[TASK INPUTS — start]
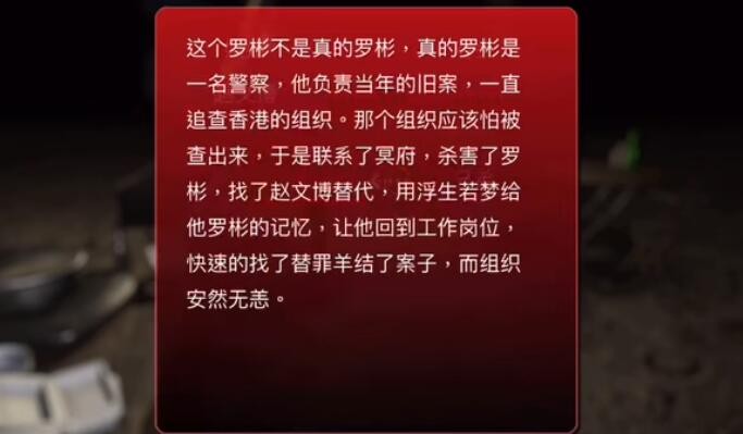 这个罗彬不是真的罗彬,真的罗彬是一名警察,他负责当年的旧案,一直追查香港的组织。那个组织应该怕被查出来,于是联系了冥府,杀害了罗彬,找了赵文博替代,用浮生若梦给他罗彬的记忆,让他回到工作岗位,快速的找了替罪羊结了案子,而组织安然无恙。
[TASK INPUTS — finish]
[TASK INPUTS — start]
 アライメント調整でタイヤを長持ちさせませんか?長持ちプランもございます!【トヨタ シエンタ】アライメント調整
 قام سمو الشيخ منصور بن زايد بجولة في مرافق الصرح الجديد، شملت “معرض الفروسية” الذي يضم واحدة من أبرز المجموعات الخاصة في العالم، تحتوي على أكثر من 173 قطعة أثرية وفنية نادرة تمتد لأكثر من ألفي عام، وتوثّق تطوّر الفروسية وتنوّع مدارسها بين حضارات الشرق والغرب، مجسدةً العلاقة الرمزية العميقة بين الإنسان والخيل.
[TASK INPUTS — finish]
- [TASK BRIEF] From the material above, set down exactly the lines starting at the one with "アライメント調整でタイヤを長" and ending at the one with "قام سمو الشيخ", end lines included.

- [TASK OUTPUT]
 アライメント調整でタイヤを長持ちさせませんか?長持ちプランもございます!【トヨタ シエンタ】アライメント調整
 قام سمو الشيخ منصور بن زايد بجولة في مرافق الصرح الجديد، شملت “معرض الفروسية” الذي يضم واحدة من أبرز المجموعات الخاصة في العالم، تحتوي على أكثر من 173 قطعة أثرية وفنية نادرة تمتد لأكثر من ألفي عام، وتوثّق تطوّر الفروسية وتنوّع مدارسها بين حضارات الشرق والغرب، مجسدةً العلاقة الرمزية العميقة بين الإنسان والخيل.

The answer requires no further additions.